发布时间:2019-12-23 17:11 来源:未知 编辑:admin

  风陵渡,地处黄河东转拐角,是山西、陕西、河南三省的交通要塞,自古以来是黄河上最大的渡口。在长达3年的中条山保卫战中,风陵渡一直是敌我双方争夺的要塞,守卫这条防线的正是陕西军团。

  提起中条山保卫战中陕军的贡献,还要从“西安事变”说起。西安事变后,张学良被蒋介石带到南京,杨虎城被解职。陕西军由孙蔚如将军统领。

  孙蔚如是西安市长安区人,身高一米九以上,膀大腰圆,是一名典型的关中大汉。他和户县人赵寿山都毕业于当时的西安陆军测绘学校,在杨虎城手下从下级军官做起,后成了集团军司令。

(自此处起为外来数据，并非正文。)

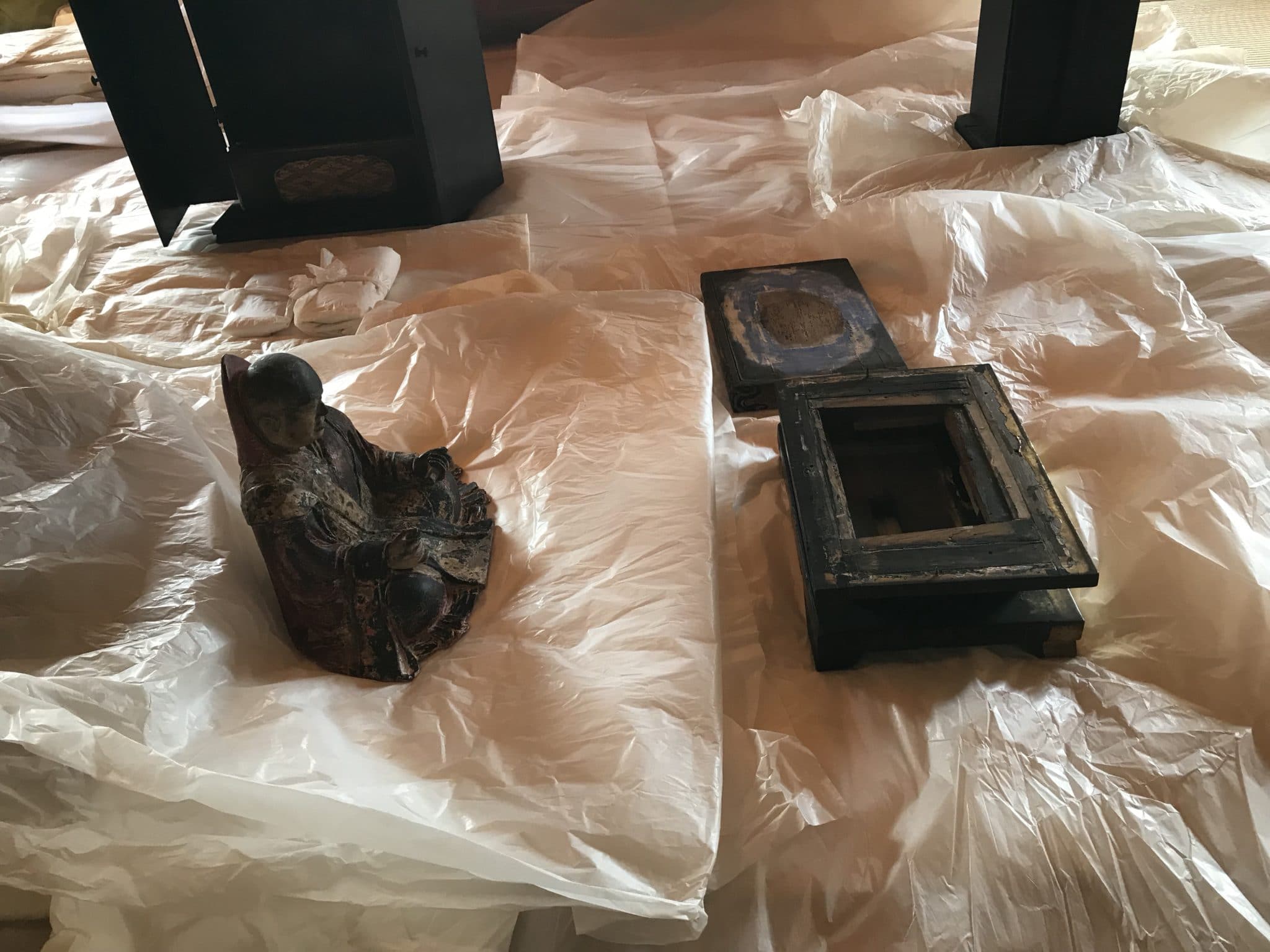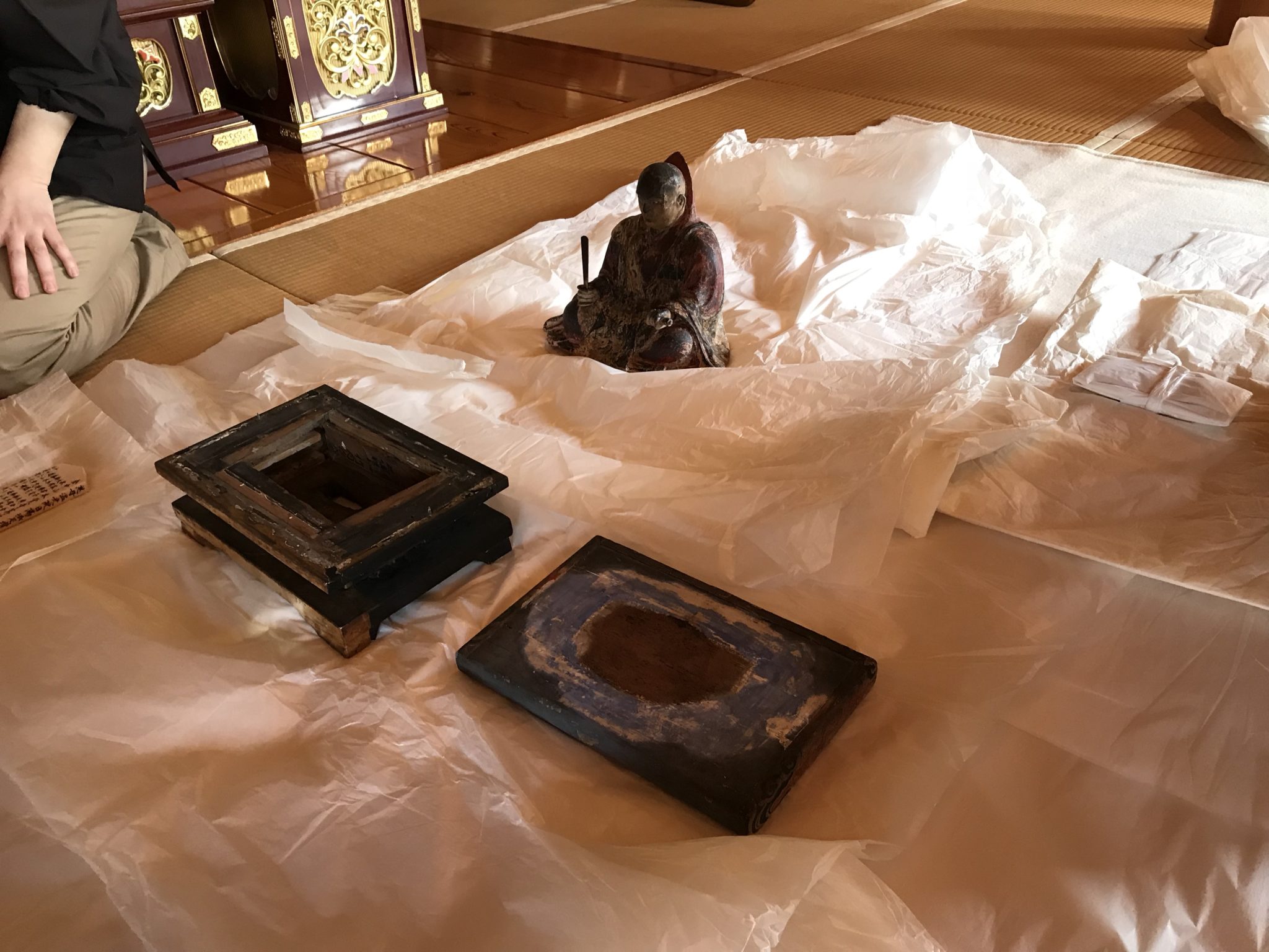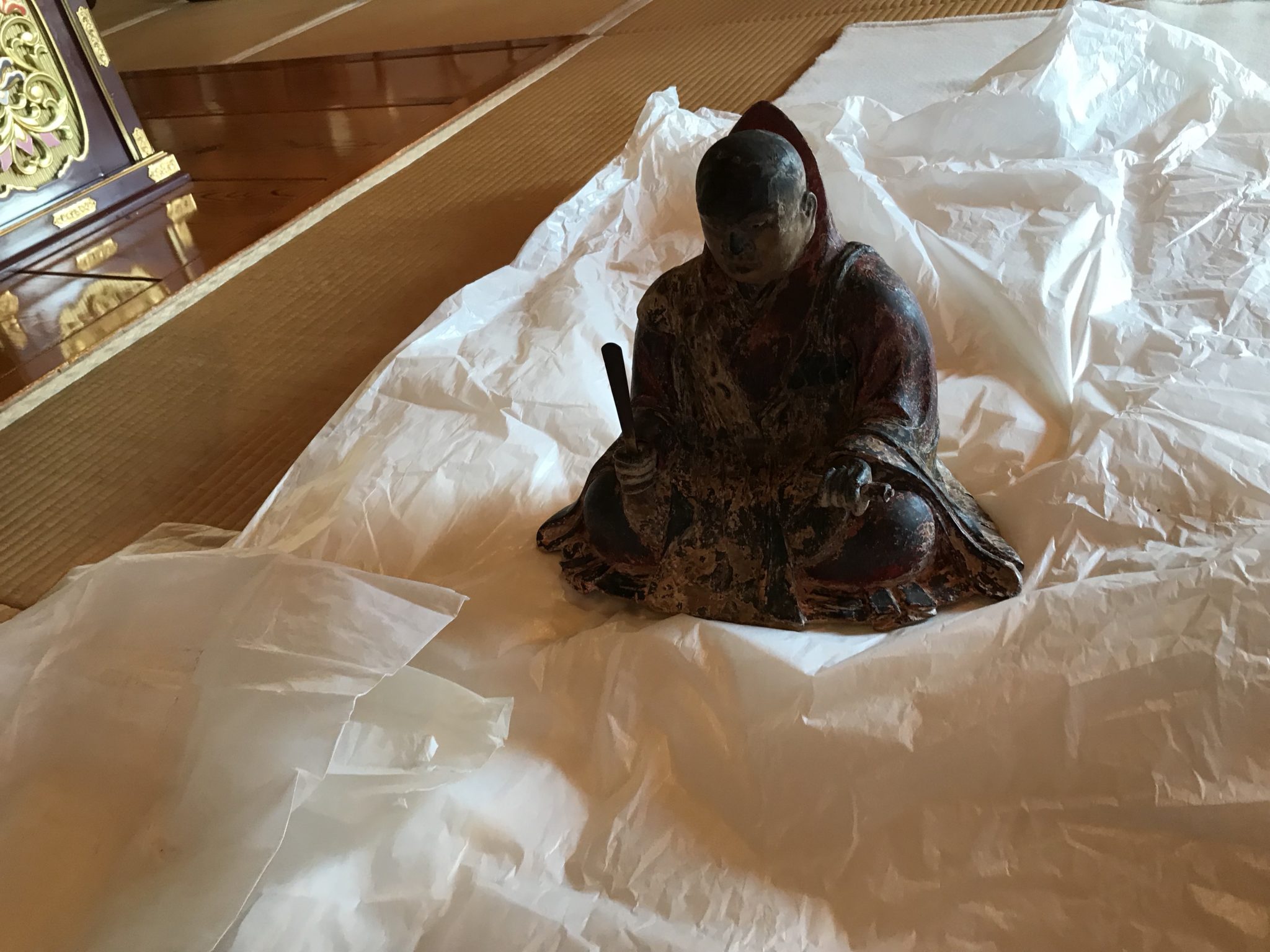 その前に、立正大学仏教学部にて修復していただいた日蓮聖人像ならびに鬼子母神が本覚寺へと戻ってきます。
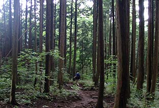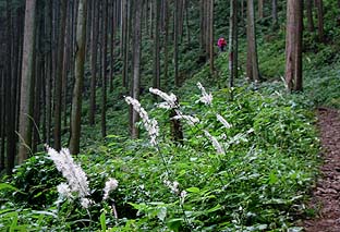 ← | しばらくはスギ・ヒノキの林を中を登る ※花はサラシナショウマ(多い) |

  1937年“七七事变”发生后,孙蔚如接任陕西省政府主席、第38军(由原杨虎城的17路军缩编)军长。

  随后的大半年时间里,孙蔚如派出第17师、第177师之529旅、教导团依次开赴前线,参加了保定、娘子关、忻口等战役,以重大的牺牲迟滞了日寇的军事进展。娘子关战役和忻口战役后,这些军队西撤黄河沿岸休整。

  1938年2月,赵寿山的第17师和第529旅进入晋东南太行山区开展游击战,属太行山东路军战斗序列,归朱德和彭德怀指挥。其间,17师还参加了西阳河谷战役,这是陕军第一次在中条山和日军的正面冲突。

  1938年7月,38军改编为第31军团,辖第38军和第96军两个军及军团部直辖的教导、骑兵两个团。孙蔚如解去省主席职务,任军团长,并在蒋介石的命令下,率在陕各部东渡黄河对日作战。

  孙蔚如率部渡过黄河后,一举收复永济等十几座县城并夺回了风陵渡,但1938年8月“徐州会战”结束后,西路日军兵锋直指风陵渡以威胁西安。

  距风陵渡不远的永济县蒲州镇,是守护风陵渡的前沿重镇,要保住风陵渡必先守住蒲州城。当地村民介绍,该处地势并不险要,这座古城西临黄河,东北是一块开阔地,日军的机械化部队通过开阔地就能直抵蒲州城下。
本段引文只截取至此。